With the hijacking of the domain, those visiting the website URL of the bank were redirected to the duplicate sites where those sites also had valid HTTPS certificates issued in the name of the bank. Hence those visitors’ browsers portrayed a green lock together with the name of the bank like they would in the real sites. Kaspersky also observed that the certificates was provided six months earlier by Let’s Encrypt, the non-profit certificate authority which makes obtaining an HTTPS certificate easy in case of increasing HTTPS acceptance.

 Josh Aas, founder of Let’s Encrypt had stated that `if an entity had gained control of DNS and had gained effective control over a domain, there could be a possibility for that entity to get a certificate from them.
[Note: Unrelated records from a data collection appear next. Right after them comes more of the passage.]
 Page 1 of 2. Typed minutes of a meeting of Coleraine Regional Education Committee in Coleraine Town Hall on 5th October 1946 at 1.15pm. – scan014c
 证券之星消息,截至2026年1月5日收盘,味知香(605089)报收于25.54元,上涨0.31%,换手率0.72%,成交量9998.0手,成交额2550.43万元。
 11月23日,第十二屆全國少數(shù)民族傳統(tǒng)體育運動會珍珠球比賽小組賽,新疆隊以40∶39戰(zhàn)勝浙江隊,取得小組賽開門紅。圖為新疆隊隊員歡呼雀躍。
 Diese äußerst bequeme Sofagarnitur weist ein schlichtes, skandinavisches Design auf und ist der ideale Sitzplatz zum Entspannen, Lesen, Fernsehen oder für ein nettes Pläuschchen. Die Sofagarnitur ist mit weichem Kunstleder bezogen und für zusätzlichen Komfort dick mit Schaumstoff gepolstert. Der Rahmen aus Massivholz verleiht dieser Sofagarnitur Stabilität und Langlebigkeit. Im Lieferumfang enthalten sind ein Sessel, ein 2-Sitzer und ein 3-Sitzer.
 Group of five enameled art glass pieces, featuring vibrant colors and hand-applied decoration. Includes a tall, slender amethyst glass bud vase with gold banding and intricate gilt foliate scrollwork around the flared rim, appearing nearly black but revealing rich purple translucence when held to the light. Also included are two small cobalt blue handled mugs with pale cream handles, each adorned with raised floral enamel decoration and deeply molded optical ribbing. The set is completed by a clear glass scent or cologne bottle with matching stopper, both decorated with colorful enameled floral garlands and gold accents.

Such issuance would not constitute mis-issuance on their part since the entity receiving the certificate would have been able to properly demonstrate control over the domain’.
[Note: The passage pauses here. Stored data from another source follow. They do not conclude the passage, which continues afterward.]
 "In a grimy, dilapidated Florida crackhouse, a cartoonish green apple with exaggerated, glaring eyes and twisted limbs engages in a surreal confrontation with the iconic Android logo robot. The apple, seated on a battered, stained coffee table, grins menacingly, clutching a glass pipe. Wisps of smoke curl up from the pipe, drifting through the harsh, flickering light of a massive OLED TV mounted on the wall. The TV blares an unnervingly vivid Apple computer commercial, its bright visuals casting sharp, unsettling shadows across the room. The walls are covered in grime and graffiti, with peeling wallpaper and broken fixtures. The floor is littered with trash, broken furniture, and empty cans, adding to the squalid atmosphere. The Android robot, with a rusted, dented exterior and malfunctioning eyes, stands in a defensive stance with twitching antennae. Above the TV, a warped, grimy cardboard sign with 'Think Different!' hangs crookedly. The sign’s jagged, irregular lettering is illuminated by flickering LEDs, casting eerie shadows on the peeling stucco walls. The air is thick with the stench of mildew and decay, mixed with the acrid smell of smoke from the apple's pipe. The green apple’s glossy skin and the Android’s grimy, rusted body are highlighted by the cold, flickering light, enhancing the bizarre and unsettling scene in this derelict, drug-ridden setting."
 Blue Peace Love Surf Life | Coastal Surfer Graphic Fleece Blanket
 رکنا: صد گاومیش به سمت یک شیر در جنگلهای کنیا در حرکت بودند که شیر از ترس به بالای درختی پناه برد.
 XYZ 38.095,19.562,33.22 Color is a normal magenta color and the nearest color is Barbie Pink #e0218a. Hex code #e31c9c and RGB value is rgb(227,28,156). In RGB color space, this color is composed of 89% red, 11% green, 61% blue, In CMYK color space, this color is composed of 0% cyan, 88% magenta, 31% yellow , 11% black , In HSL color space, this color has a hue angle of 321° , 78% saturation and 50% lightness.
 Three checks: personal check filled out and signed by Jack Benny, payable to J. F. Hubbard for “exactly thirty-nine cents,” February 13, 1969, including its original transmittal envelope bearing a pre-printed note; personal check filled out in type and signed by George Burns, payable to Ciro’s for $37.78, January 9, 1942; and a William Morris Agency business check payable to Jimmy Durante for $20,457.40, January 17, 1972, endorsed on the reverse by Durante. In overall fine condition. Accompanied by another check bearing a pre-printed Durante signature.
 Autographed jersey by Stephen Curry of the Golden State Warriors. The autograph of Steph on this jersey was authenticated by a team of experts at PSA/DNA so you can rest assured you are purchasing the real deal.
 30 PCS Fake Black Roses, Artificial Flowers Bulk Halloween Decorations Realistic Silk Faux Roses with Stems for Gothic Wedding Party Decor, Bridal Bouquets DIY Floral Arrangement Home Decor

Hoaxed Sites Infected with Malware


Eventually the hijack had been so thorough that the bank was unable to even send email. Bestuzhev stated that they could not even communicate with the customers to send them an alert and if your DNS is in control of the cybercriminals, you are basically screwed’. Besides phishing, the hoaxed sites also infected victims with malware download which had disguised itself as an update to the Trusteer browser security plug-in which the Brazilian bank provided the customers.

As per the analysis of Kaspersky the malware gathers not only banking logins from the Brazilian banks but also eight others as well as email and FTP credentials together with contact lists from Outlook and Exchange. All of these had gone to command-and-control server hosted in Canada. The Trojan also comprised of an operation intended to disable antivirus software for infected victim, and could have persisted much beyond the five hour window when the attack had taken place.

The malware had scraps of Portuguese language, implying that the attackers could have been Brazilian. Bestuzhev of Kaspersky debates that for the banks the incident could have been a clear warning to check on the security of their DNS. He notes that half of the top 20 banks ranked by total assets do not manage their DNS but tend to leave it in the hands of a potentially hackable third party and irrespective of who tends to control the DNS of a bank they can take special precautions in preventing their DNS registrations from being changed without safety checks such as `registry lock’, which some registrars tend to provide together with two-factor authentication making it difficult for hackers to change them.